Better late than never. It was my intent to post on Labor Day, but other matters got in the way.
The Democrat Convention, our continued economic struggles and the upcoming election have reminded me that the labor agenda is always replete with red flags well worthy of comment on any day of the year.
We can thank labor unions for playing a key role in making workplaces safer, improving wages and working conditions, and putting a stop to child labor. At one time, employers could and did exploit workers with long hours, low wages and often dirty and/or dangerous working conditions. Ford Motor Co. and other employers had their own goons who would pummel those who attempted to organize unions. Our nation is better because those days are over.
But just as liberal black race baiters think Bull Connor and his German shepherds, fire hoses and the KKK are on the verge of breaking out all over the place (in other words, it may be 2012, but it's really 1963 in the minds of 99 percent of white people), there are too many union folk whose mindset is so 1936.
Those battles were won long ago, and the pendulum has swung way too far in the other direction. We saw how fed up taxpayers have become with greedy public sector unions in Wisconsin, New Jersey, Indiana and other states. The majority of voters have supported major-league pushbacks by Republican governors against the bull-headed unions. Consequently, fiscal sanity and responsibility are returning to states such as New Jersey and Wisconsin.
In a nutshell, taxpayers are fed up with public unions' endless intransigence despite the fact public sector workers generally are better paid, get better benefits and have greater job security than their private sector counterparts. Parents of school children have had enough of teachers' union interference with accountability and genuine reform as the unions seek to feather their own nests.
In the private sector, unions typically agitate for a leg up in bidding for government contracts, and exert their influence to get the federal government to inappropriately use its power in a flagrantly political way, as with the National Labor Relations Board's recent action against Boeing for seeking to build a manufacturing plant in right-to-work South Carolina.
Unions — and their Democrat supporters — see the world through a distorted lens. In their minds, every single employer out there, from the smallest mom-n-pop restaurant to the largest corporation to government agencies at all levels, would screw the living schmidt out of employees were it not for unions.
We'd all be earning $7.45 an hour — even engineers and architects and doctors and lawyers. Well, that is kind of a stretch, but you see my point. The realities of supply and demand in the job market dictate wages and benefits, and a raw power grab by two self-serving groups (labor and Democrats) won't change that fact. You can try to pay a burger flipper $15 an hour, or a doctor $60,000 per year, but water always runs downhill. Things have a way of evening out, but probably not in the way simple-minded union folk ever imagined.

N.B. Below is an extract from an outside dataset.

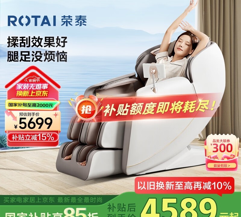 此外,荣泰S56升级了自动揉搓小腿、360度顶刮腿肚、创新足底刮痧轮设计,为用户带来深层次的按摩体验。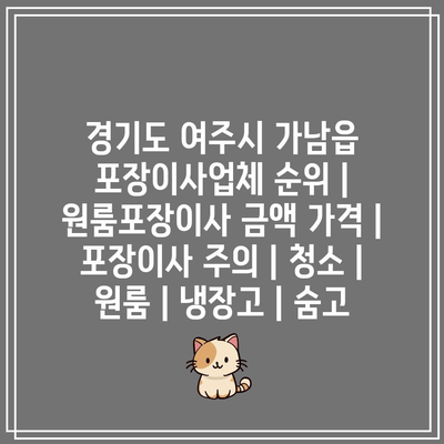 더 이상 찾지 마세요! 여기 여주시 가남읍 포장이사업체 순위를 소개합니다.

It is really pretty obvious, this paradox that damns and condemns the union wish for MORE. More job security, higher wages, better benefits, more vacation days, a requirement for union labor on construction projects... But the paradox, which has played out in Europe for decades, is that the more politicians give in to union demands by legislating wages, benefits, vacation days and the like, the less likely it is companies will hire union members full time. Part-time work, temp agencies, and outsourcing jobs are often the result. It is no surprise whatsoever that Greece has a 25 percent unemployment rate.
Four more years of Barack Obama, and an 8.3 percent unemployment will look pretty darned good. Let's hope he and his utterly irrational labor supporters get their butts kicked on Nov. 6.
What happened in normally blue Wisconsin in June when Gov. Scott Walker was kept in office could well happen across our great land, and we'll be on the road to restoring some fiscal sanity and helping unshackle employers from economic and political uncertainties that hold them back.